## What you have to do:
Look in the listing below for the line that has "This left-arm facing", then return it and each following line up to and including the one with "Spanien hat uns", exactly and without pictures.

## Data for analysis:
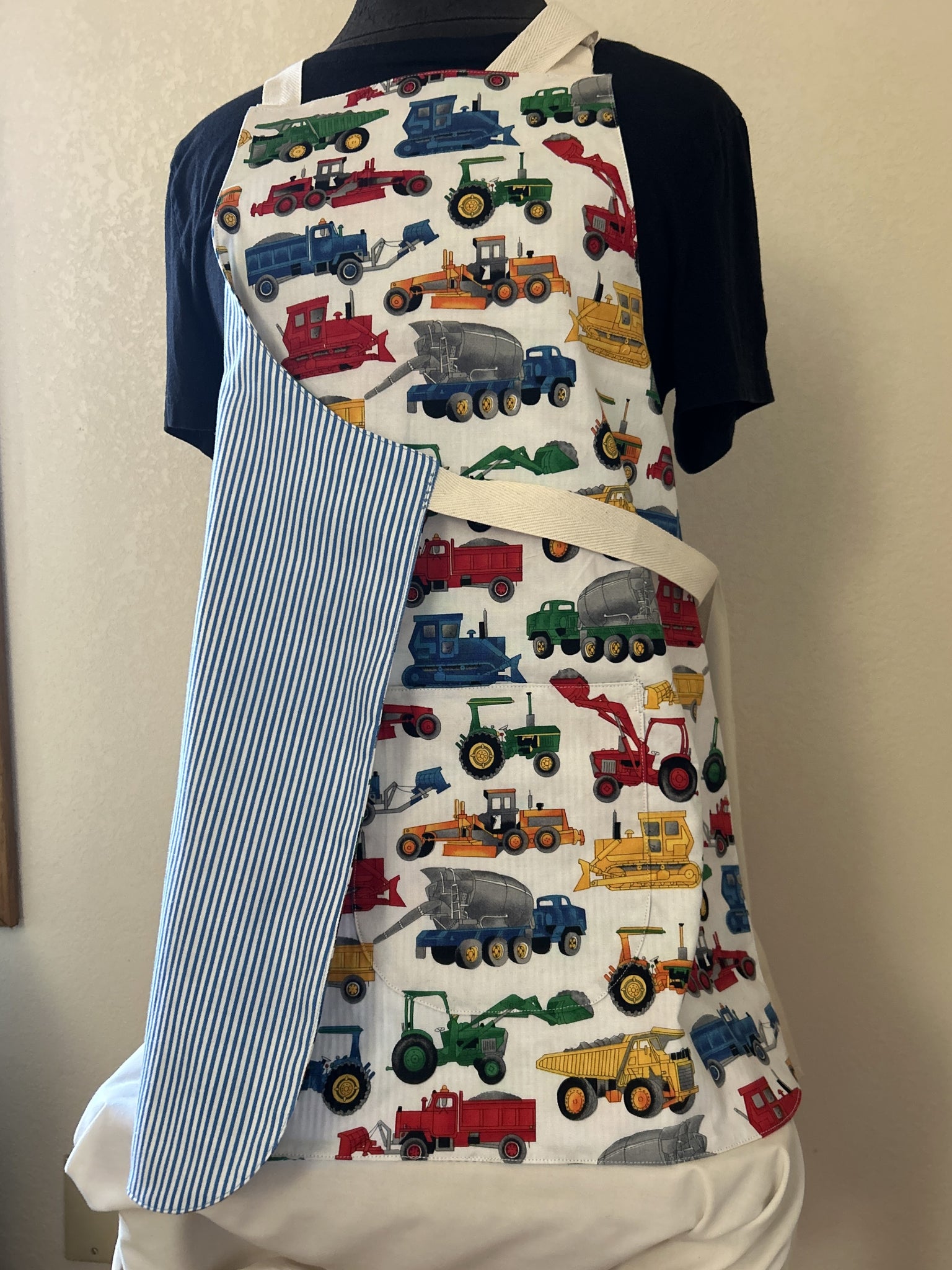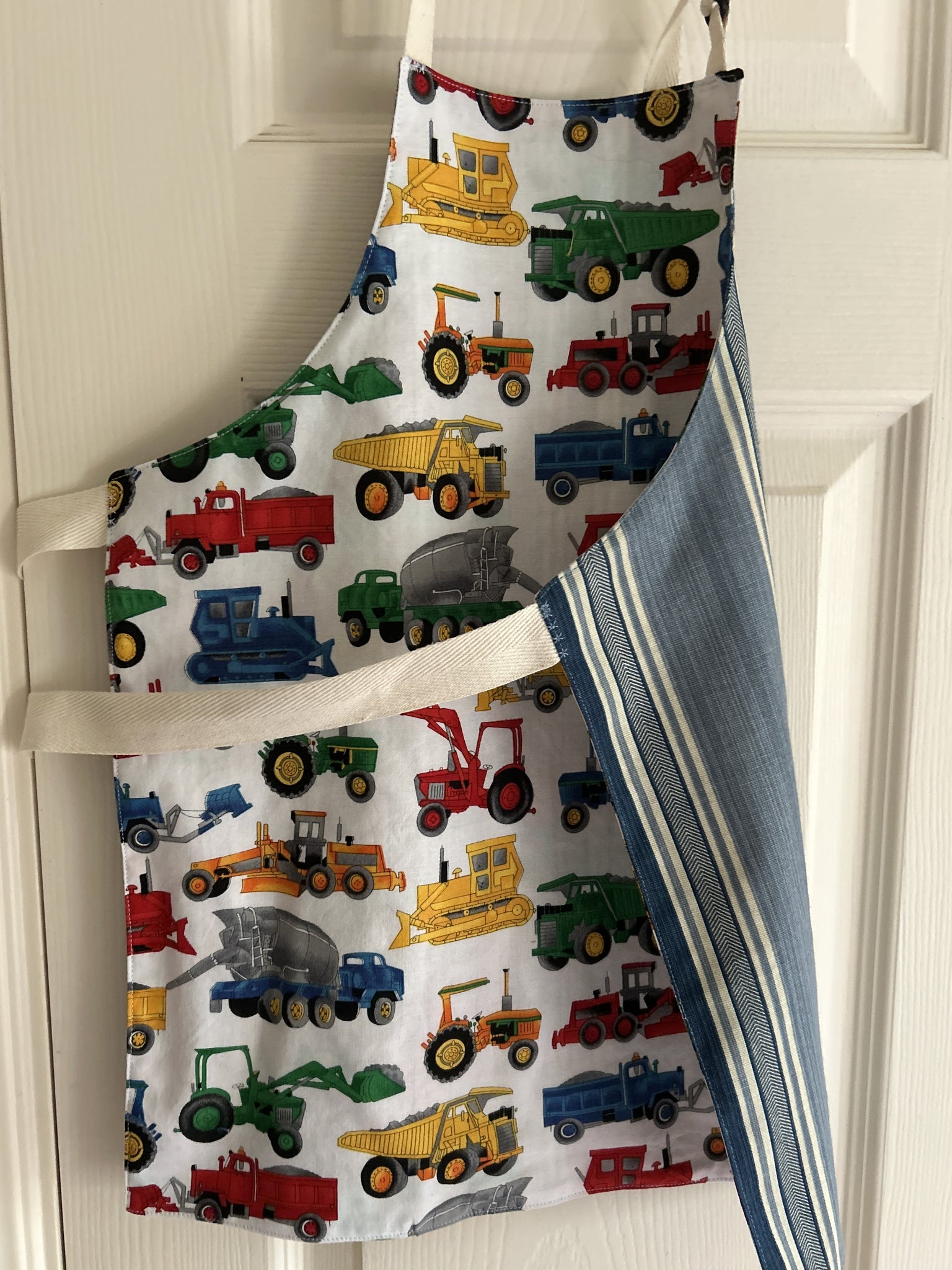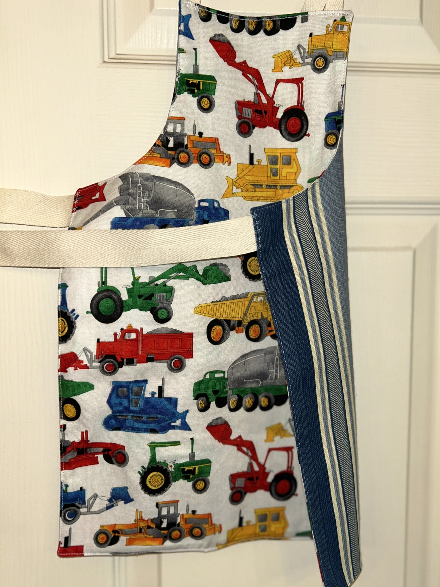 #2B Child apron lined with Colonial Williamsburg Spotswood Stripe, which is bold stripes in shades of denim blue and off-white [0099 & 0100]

...

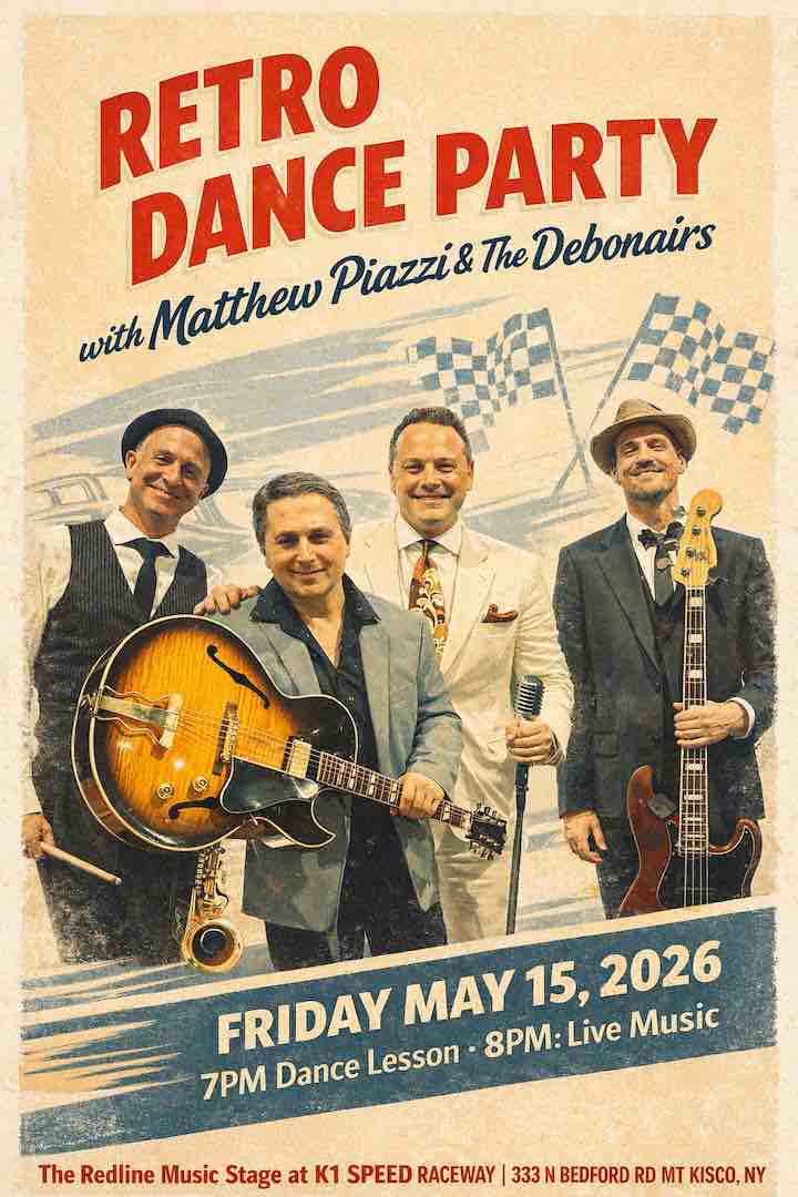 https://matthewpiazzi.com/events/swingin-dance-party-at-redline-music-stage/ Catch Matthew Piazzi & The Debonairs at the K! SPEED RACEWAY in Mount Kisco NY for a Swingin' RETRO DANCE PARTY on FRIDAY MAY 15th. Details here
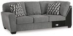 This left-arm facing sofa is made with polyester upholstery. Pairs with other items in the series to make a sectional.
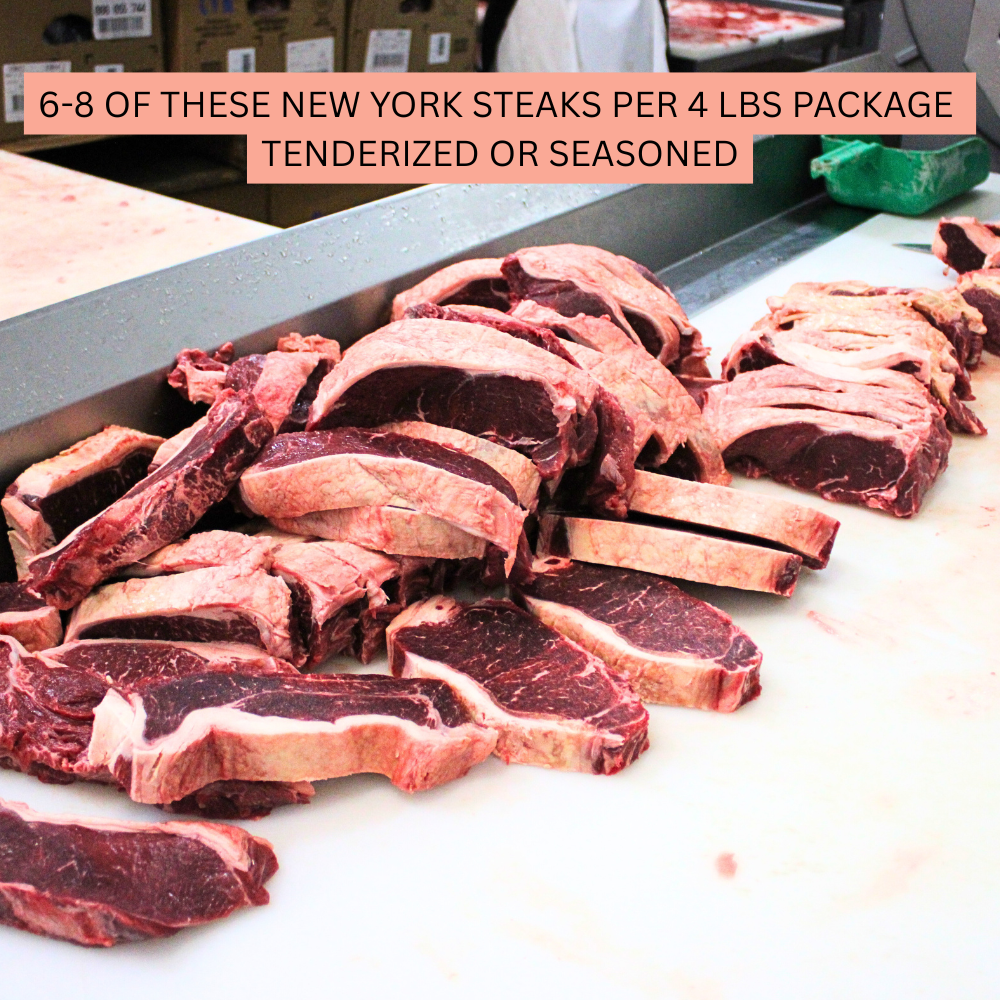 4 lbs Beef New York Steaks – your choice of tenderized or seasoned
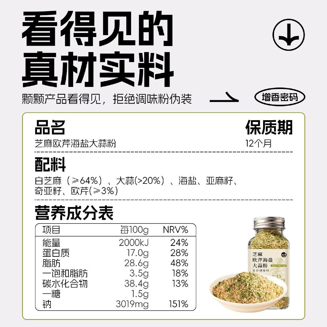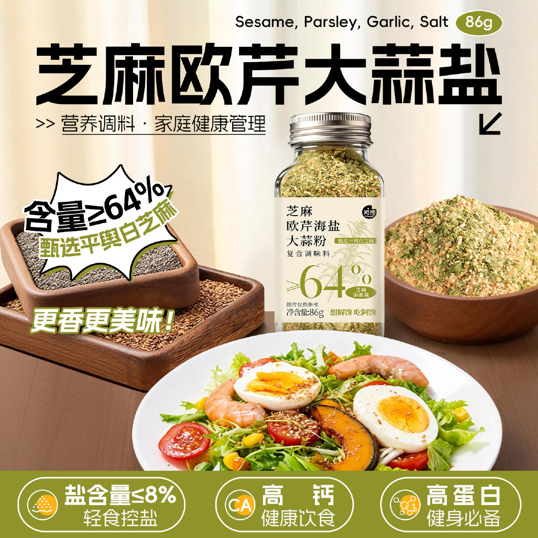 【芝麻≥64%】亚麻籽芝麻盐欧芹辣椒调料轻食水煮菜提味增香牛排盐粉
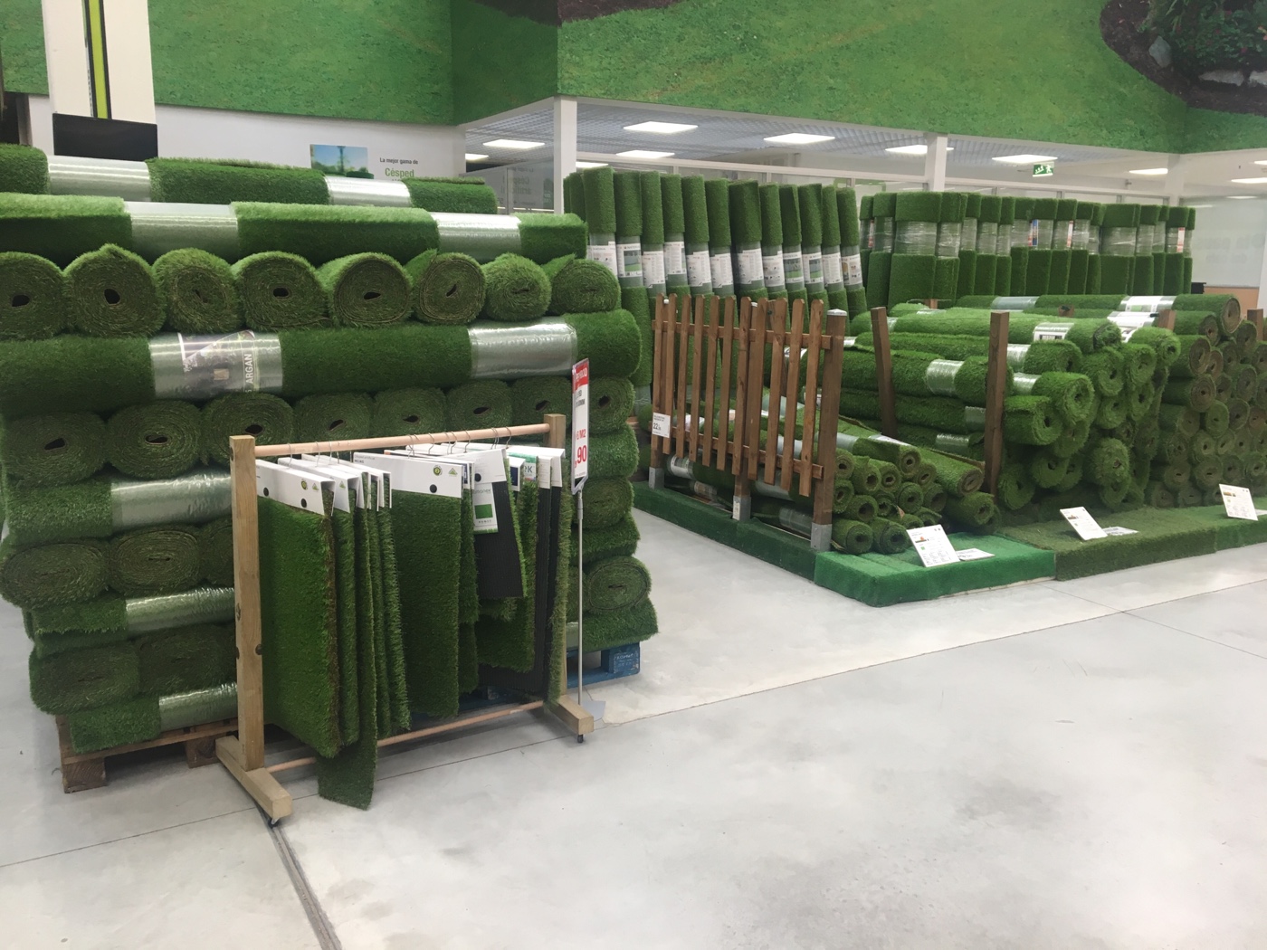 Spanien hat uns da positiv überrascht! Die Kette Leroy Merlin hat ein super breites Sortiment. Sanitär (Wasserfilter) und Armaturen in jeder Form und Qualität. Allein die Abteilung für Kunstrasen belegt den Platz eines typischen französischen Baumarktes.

## Exercise answer:
 This left-arm facing sofa is made with polyester upholstery. Pairs with other items in the series to make a sectional.
 4 lbs Beef New York Steaks – your choice of tenderized or seasoned
 【芝麻≥64%】亚麻籽芝麻盐欧芹辣椒调料轻食水煮菜提味增香牛排盐粉
 Spanien hat uns da positiv überrascht! Die Kette Leroy Merlin hat ein super breites Sortiment. Sanitär (Wasserfilter) und Armaturen in jeder Form und Qualität. Allein die Abteilung für Kunstrasen belegt den Platz eines typischen französischen Baumarktes.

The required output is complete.